Even a minimal summary of his thought is too daunting a task for this brief biographical sketch. That thought is the source of inspiration and insight for all the thus far presented and discussed on this site. A few concepts of most direct relevance to human science are listed below and discussed in detail in other articles.
- God and the Universe: The Absolute, the ultimately infinite spiritual reality that transcends all descriptions and limitations, has become the universe and includes all that is in it.
- Process of Creation: The process by which the Absolute has manifested itself as universe is the same process of consciousness as that by which human beings create social institutions, works of art, business enterprises, communities and the circumstances and conditions of our personal lives.
- Involution: Matter is inconscient a form of spirit. Life is subconscious force of spirit. Mind is mentally conscious indirect and derivative power of a spiritual capacity for knowledge by identity. Spirit involves itself finite existence by a process of self-conception, self-limitation and self-absorption.
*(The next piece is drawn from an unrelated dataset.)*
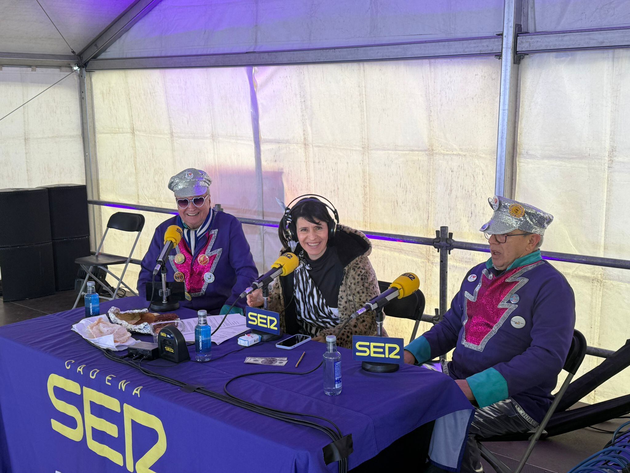 “Me están flanqueando As Toliñas… esto es de estar a gusto”, se escuchaba en directo. Y ellas, recién “saliditas de casa” (bueno… “xa levamos un ratiño por aquí”), llegaban con la verdad universal del Entroido:

- Spiritual evolution: The universe is infinite Spirit in the process of evolving so that it can manifest its infinite potential through an infinite variety of finite forms and experiences.
- Man is a transitional being: As plant and animal life has evolved from matter, and humanity has evolved from the animal, human life will ultimately give rise to beings with what he terms supramental consciousness.
- Life: Life is a conscious universal plane or field, not merely a characteristic of individual biological forms. Life has a consciousness and a character and it responds to human consciousness and initiative.
- Aim of spirituality: The ultimate aim of spirituality is not to transcend or escape from the suffering and limitations of life on earth but to perfect and transform life on earth into the life divine.
- All life is yoga: All life is a subconscious yoga of nature seeking to discover and release the spiritual consciousness hidden within it. Not just prayer or meditation, but every aspect and activity of life can be consciously utilized as a means for spiritual progress.